Eventually, after about two kilometres, I catch up. I still have a little water left in my bladder pack but I'm swigging quite heavily now. Gerald says he feels "very good" and it makes me laugh. Soon we come to "Raspille Gorge", the fifth and final tasting stop. It's dessert. Strudel with grape seeds served with Plum sorbet.
The dessert wine that goes with it, an overmaturated Hermitage, is exceptionally decent. The grapes that make this are not harvested until December, giving them more time to sweeten.
It's at this time an official gives me the news that there are two runners ahead and they left a few minutes ago. I'm not going to win this. At that moment, another couple get to Stop 5, and carry on through without stopping to drink. No, you don't, I think to myself. I down the wine, finish off the strudel and thank the volunteers. Gerald and chum are not quite ready so I wave and hit the final stage.
As I run up a hill and overtake the non-drinking couple, I ask myself if I'm drunk. I really don't think so. I don't feel unsteady and haven't the whole time.

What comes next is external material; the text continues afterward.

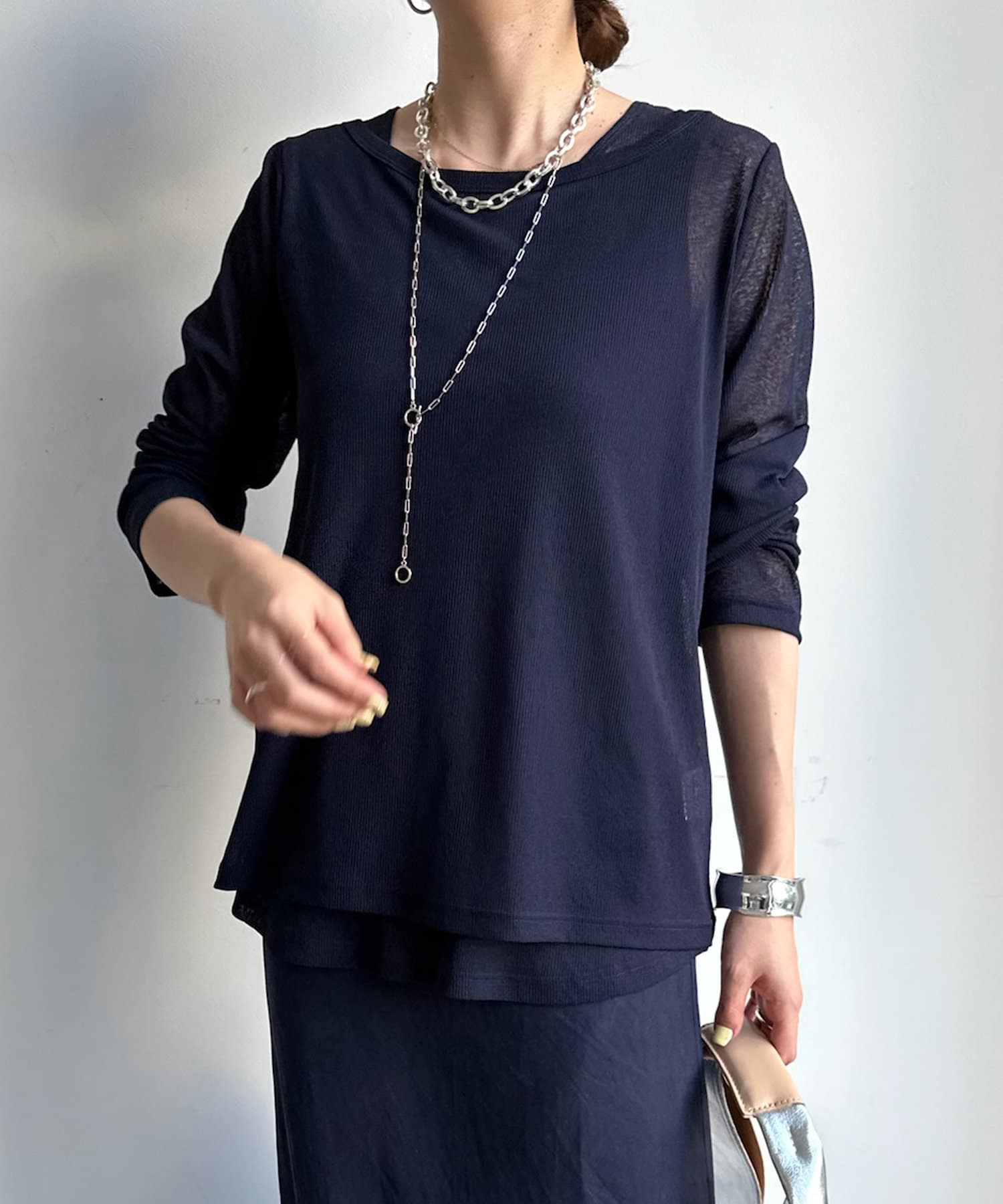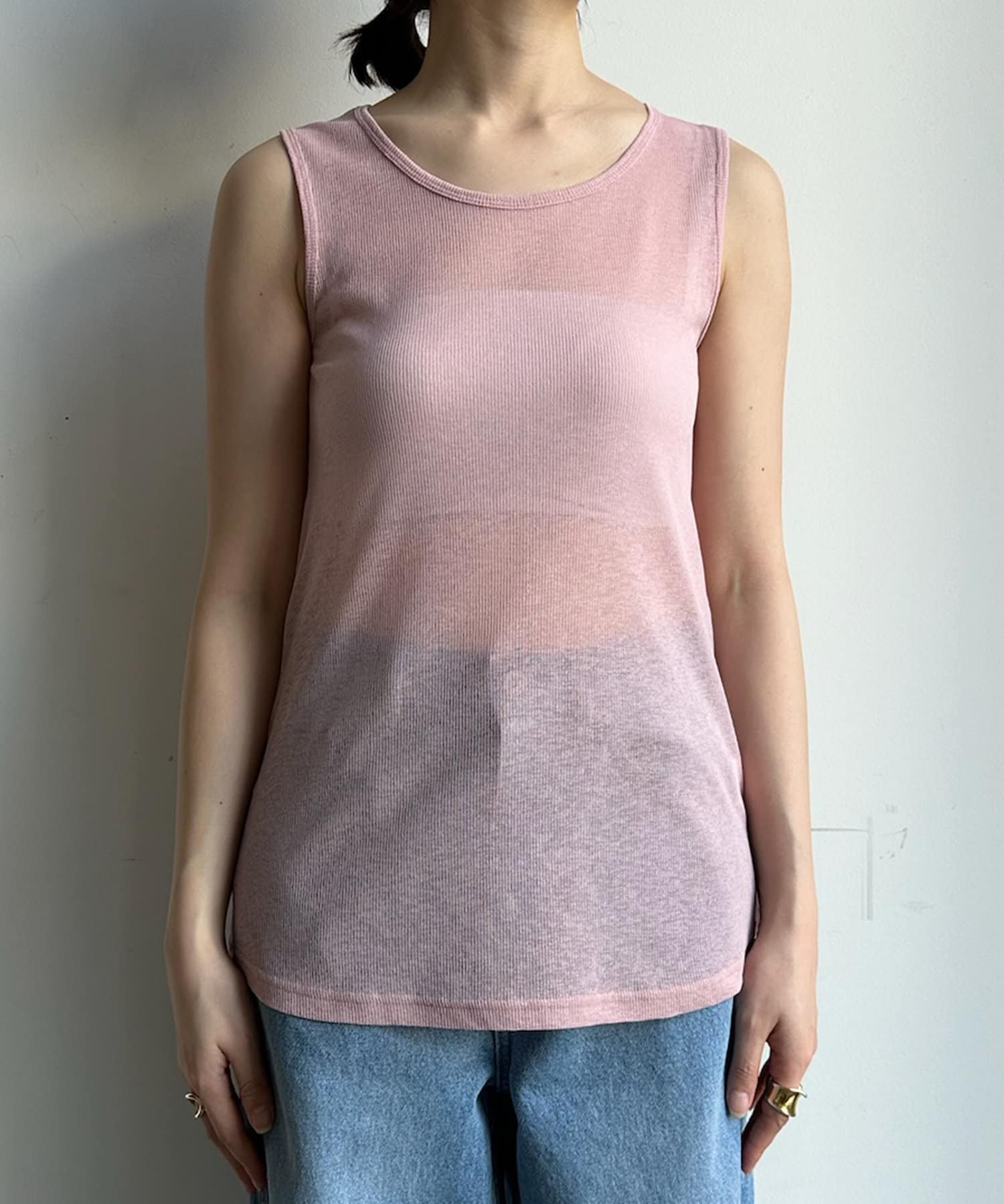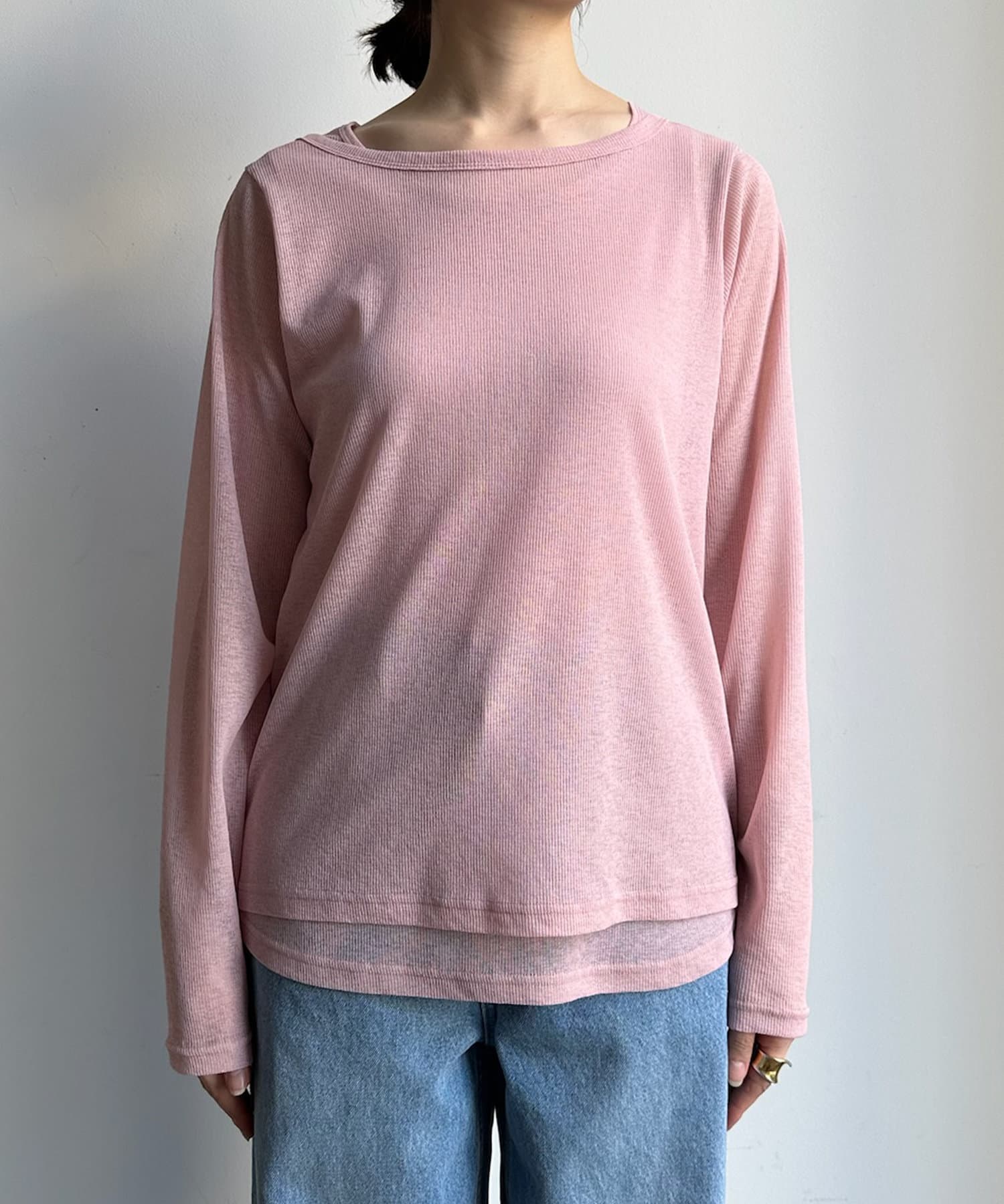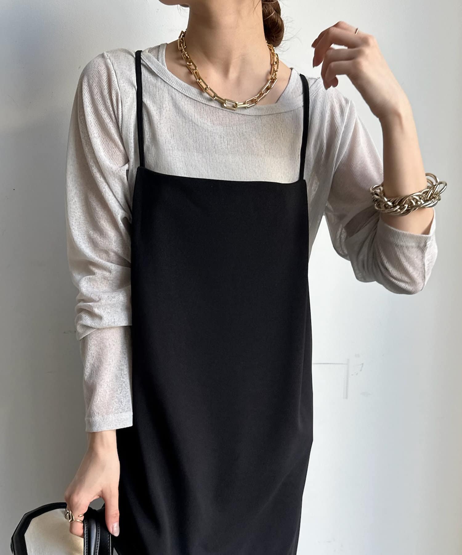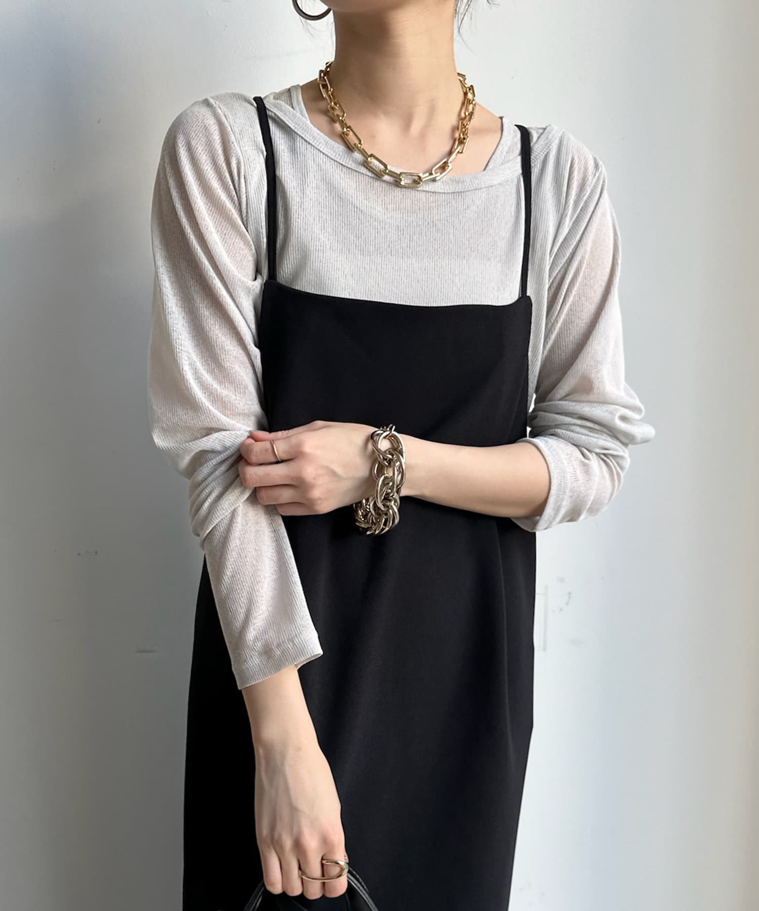 シアー感のある同素材のロンTeeとタンクをセットにしたアイテム。

"Alcohol affects the density of fluid within the inner ear, which sets off a cascade of signals to the brain which can result in feeling unsteady on our feet and even falling," Dr Gaffney notes in his advice to me. "This is compounded by the effect on the oculomotor (eye movement) system. This happens because alcohol affects the central nervous system and changes our eye movement patterns so they are less effective. This could pose dangers when running, particularly on uneven ground. In brief, if we consume (enough) alcohol we become unsteady on our feet and this is usually bad for exercise."
Legendary Clash frontman Joe Strummer reportedly ran a marathon in 3 hours 20 mins. According to various sources it was the Paris marathon of 1982. His advice on preparation? “Drink 10 pints of beer the night before the race."
Salgesch: the finish line
No cheering crowds, in fact no-one at all is there to witness me finish. Initially I worry I've got the wrong place, but once into a courtyard I see two officials having a glass of wine and a chat, so I head towards them. I sign to say I have completed the race and they tell me that I have come third.
A man comes over from the bar area to say that, since there's no actual podium, would I like a congratulatory drink. I gladly accept. Well, I'm not made of stone.